Go to the National Public Radio website (sorry, I don't have the link handy) and hear the first part of an interview between Rowling and Steve Inskeep, the latter a very intelligent interviewer. Click on Morning Edition and I'm sure you'll find it. Next part of the interview tomorrow.

Jim


----------



## JRTomlin (Jan 18, 2011)

I read a sample of it and what I can say about what I read is that the dialogue was truly dreadful. Seriously.


----------



## Kristan Hoffman (Aug 6, 2009)

Ann in Arlington said:


> I'll decide for myself. . . . . I often find the NYT reviewers are a bit puffed up. . . .they rarely find anything _really_ enjoyable, and what they do ordain as "a modern classic" I usually find dull as dust.  But I will wait for (a) the formatting to get fixed and/or (b) it to be available for a much more reasonable price. Or I'll borrow it from my library.


Ditto 100%. I do read the NYT reviews (especially if they're guest reviews by authors that I've read and respect) but with both their movie and book reviews, I don't often find my tastes/feelings aligned.
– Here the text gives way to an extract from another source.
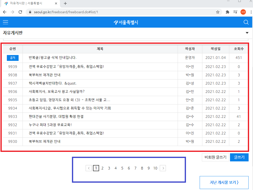 이러한 문제점을 보안하기 위해서 "페이징 기법"을 사용할 것입니다. 페이징 기법은 수많은 자료 데이터(행, 레코드)를 일정 크기로 나누어서, 나누어진 하나하나의 집단에 페이지 번호를 부여하는 방식입니다. 정해진 갯수와 원하는 영역의 게시판 데이터를 불러오고 출력한다면 '가독성'의 문제와 '자원 낭비' 문제점이 보완될 것입니다.
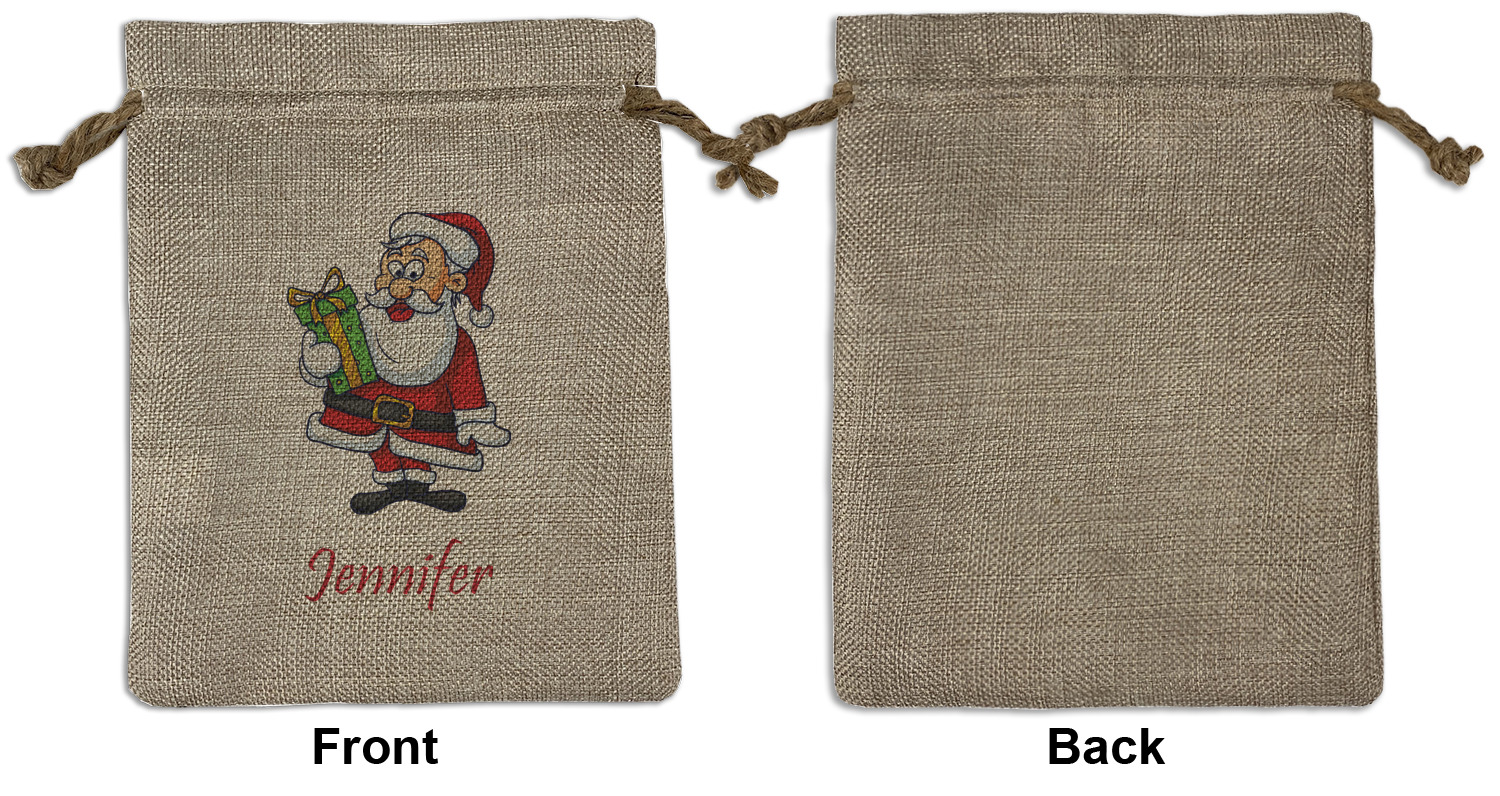 We sell our Burlap Gift Bags in 3 variant sized bags. Made with burlap polyester, each personalized bag can be secured with a twine drawstring pull. Your custom design is available to print on one side or both sides - completely up to you! The sizes of the bags measure approximately 4.5" x 6.5" for the smallest size, 6.5" x 8.0" for the medium size, and 6.5" x 13.5" for the large-sized bag.

I read more to glean insight into the technical aspects; just to be more educated ABOUT filmmaking/writing, really.



Christopher Bunn said:


> The writing voice she used is completely different from HP. Not a big surprise there, but I was hoping for some slight commonality. The humor, at least.
> 
> I would love to know her thought process on this one: why that genre, audience, why this story.


I once heard her say in an interview that she always thought she would be a capital-L literary writer, and that Harry Potter was actually the deviation for her. But the idea and characters gripped her so strongly that she was compelled to follow them.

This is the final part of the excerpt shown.